● What you are asked to do: Would you reproduce the whole listing exactly, dropping any pictures it holds?

● Dataset extract:
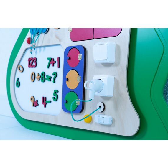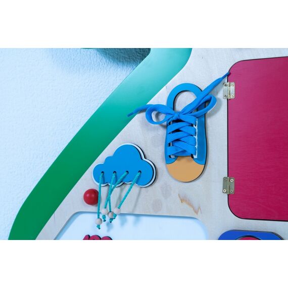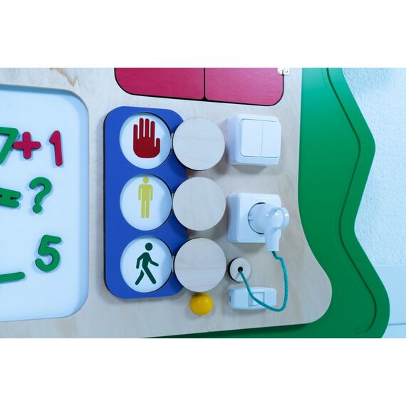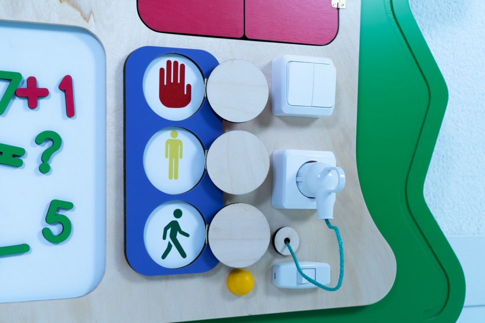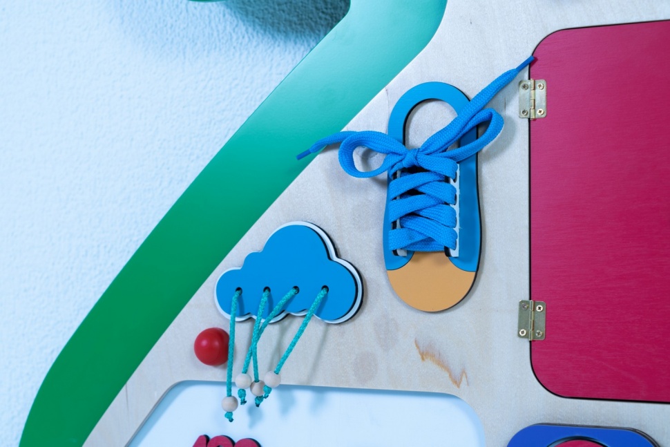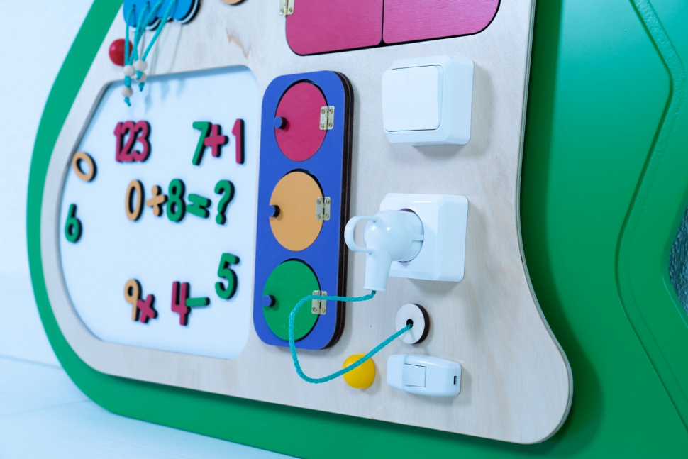 Главная задача бизибордов АЛМА: помочь детям безопасно освоить предметы быта (защелки, крепления, механизмы, переключатели, розетки). На упрощенных тренажерах с привлекательными рисунками дети развивают мелкую моторику, оттачивают мастерство, чтобы в дальнейшем применить полученный навык на практике.
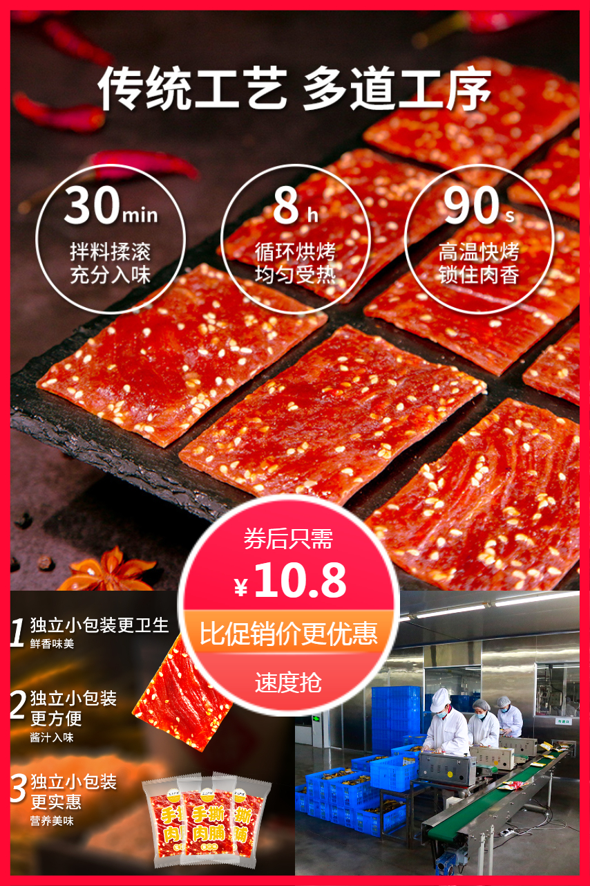 1、休闲零食靖江猪肉脯 券后仅需10.8 传统工艺多道工序 独立小包装更卫生 速速抢购吧
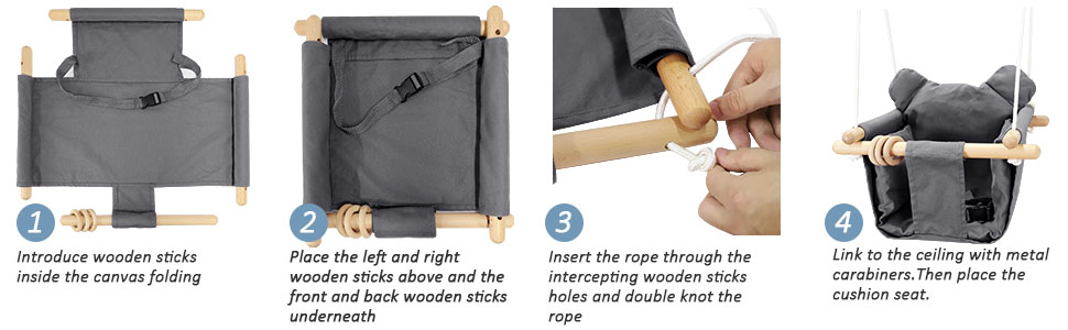 أرجوحة التعليق للأطفال مصنوعة من قماش عالي الجودة وخشب أملس، ويأخذ تصميمها في الاعتبار المتانة والأداء الوظيفي والمظهر.

● Exercise solution:
 Главная задача бизибордов АЛМА: помочь детям безопасно освоить предметы быта (защелки, крепления, механизмы, переключатели, розетки). На упрощенных тренажерах с привлекательными рисунками дети развивают мелкую моторику, оттачивают мастерство, чтобы в дальнейшем применить полученный навык на практике.
 1、休闲零食靖江猪肉脯 券后仅需10.8 传统工艺多道工序 独立小包装更卫生 速速抢购吧
 أرجوحة التعليق للأطفال مصنوعة من قماش عالي الجودة وخشب أملس، ويأخذ تصميمها في الاعتبار المتانة والأداء الوظيفي والمظهر.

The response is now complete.